Foreign investors piling into Eurozone equities have helped drive the common currency’s surge over recent months, but increasing demand for hedges could soon prove a headwind to further gains.

“The more timely ETF flows which we track revealed that there was significant pick-up in demand for unhedged euro-zone equities in Q2 which reinforced the boost for the euro,” says Lee Hardman, a strategist with MUFG. “However, the latest ETF flows reveal some reversal has been taking place over the summer with outflows from unhedged euro-zone equities.

Major equity benchmarks across Europe have notched up high single-digit gains for the year to date, with the DAX in Germany rising 9.4% and the CAC 40 in France adding 7.75%, with foreign buying a key source of demand.

“The stronger Euro could be acting as more of a dampener now on demand for unhedged euro-zone equities. It has recently coincided with more of a grind higher for the euro,” says Hardman.

The Euro has gained more than 14% on the US Dollar for the year to date and close to 5% against Sterling. More than half of gains over the Dollar have come since the end of June.

“Investors’ positive reassessment of the euro-zone including improving growth outlook and reduced political risks clearly played a key role in reversing euro undervaluation,” Hardman adds.

According to the latest Eurozone balance of payments data, referenced in Hardman’s report, foreign investors bought €61.2 billion of Eurozone equities in July.

This took total foreign purchases during the year to the end of July to €338.8 billion, more than double that seen in the previous period, according to Hardman.

“Foreign investor demand for European equities on an unhedged basis has been a consistent theme for much of this year.

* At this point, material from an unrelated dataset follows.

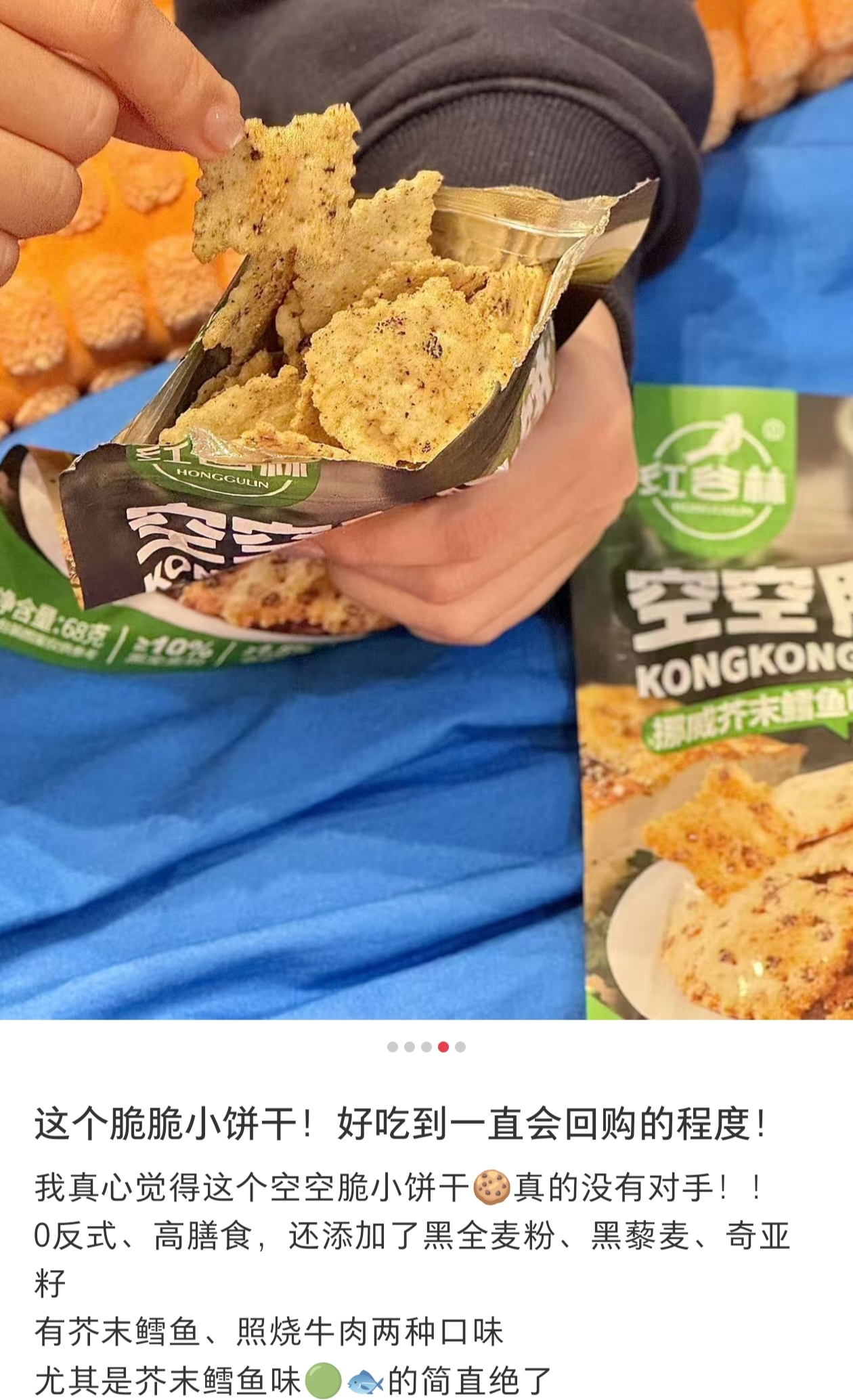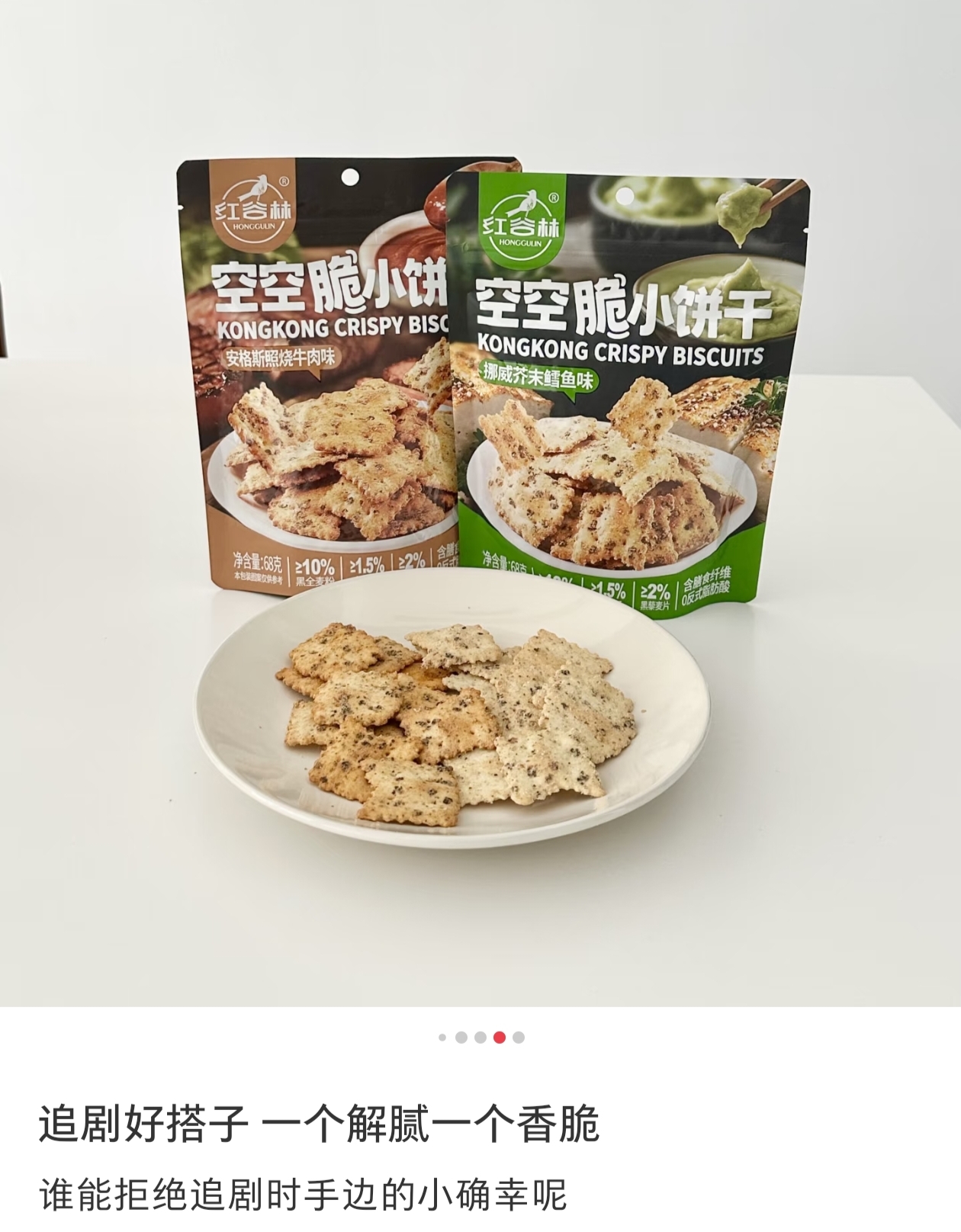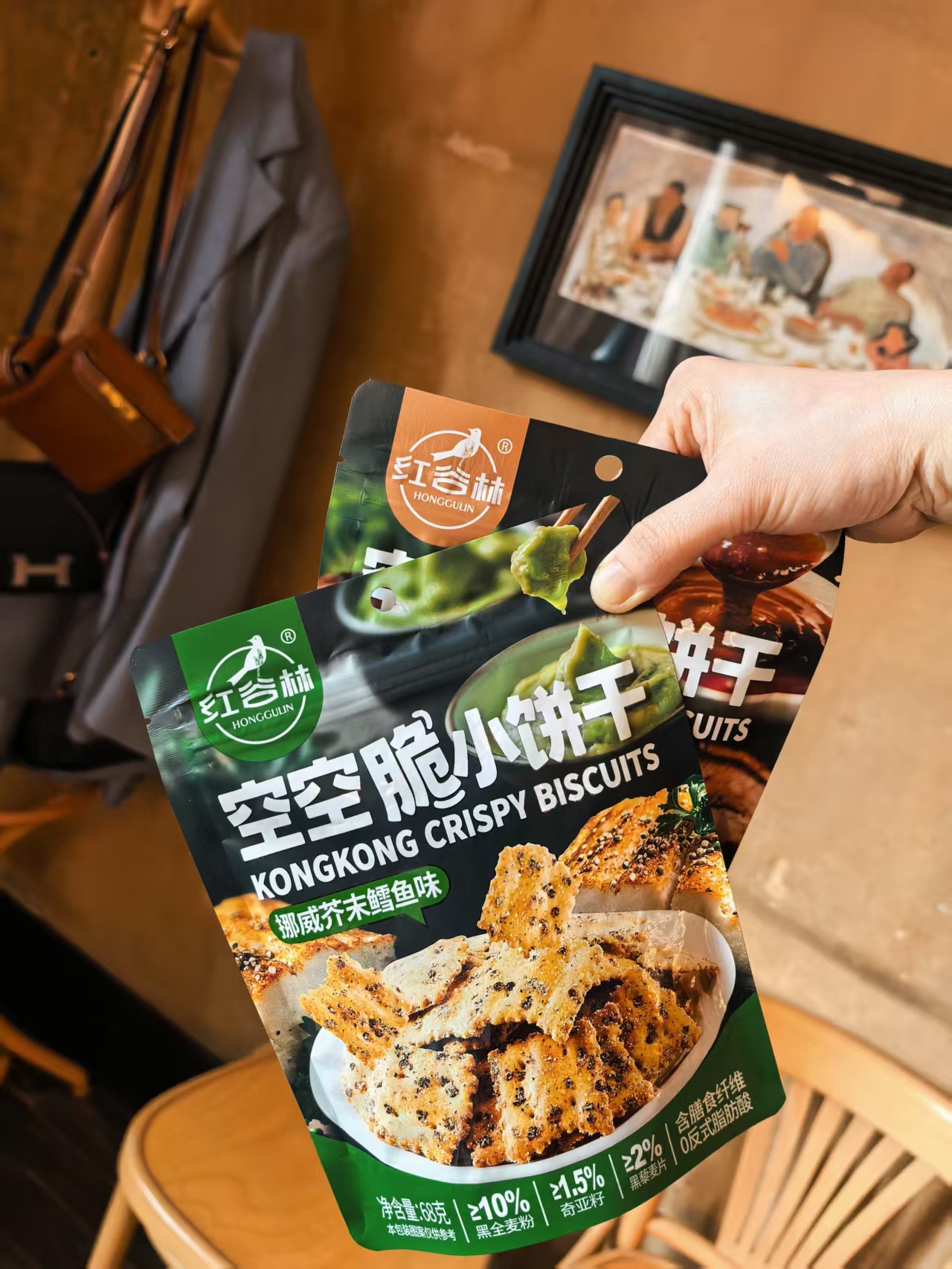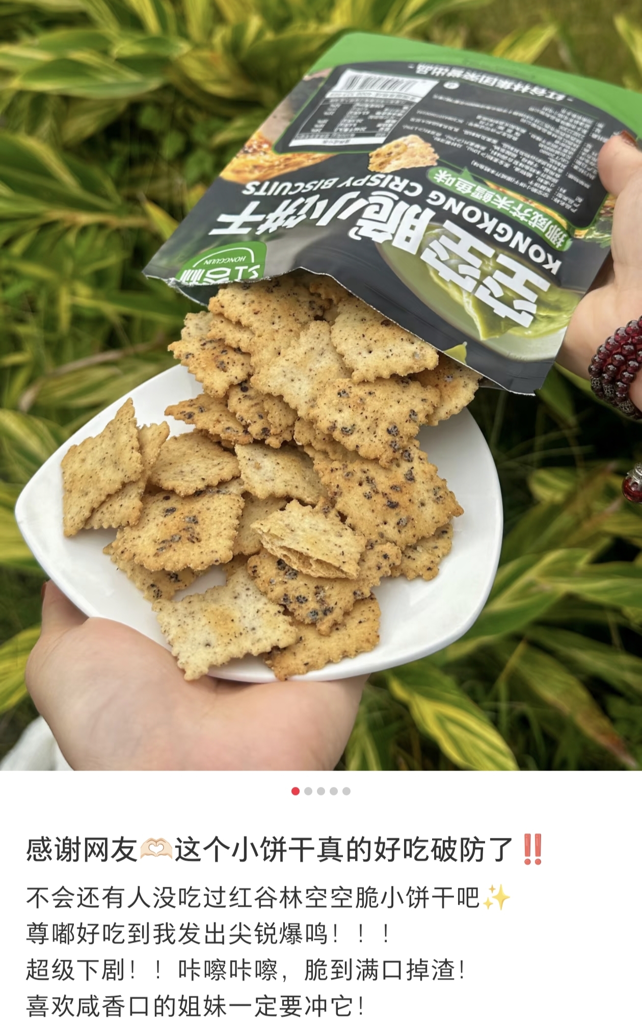 红谷林又出新品啦!之前的小石子饼,真的是我的必备暖胃小零食,超好吃的,还有健康的九红九黑藜麦谷物饼也很不错,这次新出的空空脆小饼干,更是惊艳,咸香风味极解馋,咔嚓酥脆,非常上头,真的是要命咯!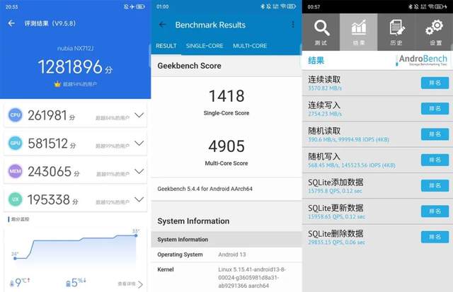 努比亚Z50 Ultra搭载了第二代骁龙8,LPDDR5X+UFS 4.0内存组合,理论跑分如下图所示,属于第二代骁龙8旗舰机的正常水平。

Indeed, year-to-date and in USD terms, the Euro-Stoxx 50 has outperformed the S&P by a 2-1 ratio,” says Ruairi Hourihane, a rates strategist at Bank of America Merrill Lynch.

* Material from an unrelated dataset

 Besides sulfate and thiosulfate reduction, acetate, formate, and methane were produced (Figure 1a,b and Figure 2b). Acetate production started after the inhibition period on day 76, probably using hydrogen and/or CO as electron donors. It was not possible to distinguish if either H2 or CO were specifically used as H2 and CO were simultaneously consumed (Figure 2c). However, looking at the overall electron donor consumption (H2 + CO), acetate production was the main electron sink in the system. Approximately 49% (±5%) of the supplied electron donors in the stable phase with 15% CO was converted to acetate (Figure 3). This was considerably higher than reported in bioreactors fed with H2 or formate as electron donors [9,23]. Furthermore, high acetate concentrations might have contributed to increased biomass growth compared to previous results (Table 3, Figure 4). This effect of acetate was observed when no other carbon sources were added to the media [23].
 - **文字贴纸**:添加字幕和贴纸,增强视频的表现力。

Source: Bank of America Merrill Lynch report.

“The size of the equity inflows combined with the surge in the EUR indeed suggests these inflows have increasingly been on an unhedged basis through the summer months,” adds Hourihane.

But with equity-demand a key driver of recent Euro-strength, and that Euro-strength now becoming a driver of increased hedging among investors, the Euro might see some pushback against further strength during the months ahead.

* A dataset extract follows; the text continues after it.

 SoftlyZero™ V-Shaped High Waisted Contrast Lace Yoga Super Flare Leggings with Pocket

This is because the hedging process for equity investors is equivalent to selling the Euro while buying Euro stocks at the same time.

“Eurozone equity inflows have been a key driver of EUR/USD upside recently but may be fading... Speculators now look increasingly stretched on EUR/USD longs,” says Christin Tuxen, chief analyst at Danske Bank.

However, that said, there is only so much pushback that can come from hedging and not all investors will be expected to hedge their currency exposure as some may also have a favourable view of the Euro in addition to a favourable view of Eurozone stocks.

“In our view, recent price action and flow patterns have confirmed that flows are a key driver in the current ‘normalisation’ environment, which is a key reason we have upped our 12M forecast for the cross to 1.25,” says Tuxen.

Hardman, Tuxen and Hourihane are not alone as other strategists have long been attempting to factor the anticipated impact of this phenomenon into their forecasts for the common currency.

Deutsche Bank recently forecast a significant shift in asset allocation among institutional investors, in favour of Eurozone assets, which could weigh on the Dollar over the coming years. It follows five years or more of investors having held a structurally underweight position in all Eurozone assets.

“Our own flow indicators suggest that central banks were buying EUR through the early weeks of August. We await the August balance of payments data to see if these flows have resulted in any corresponding shift inbond flows,” says Hourihane at BAML.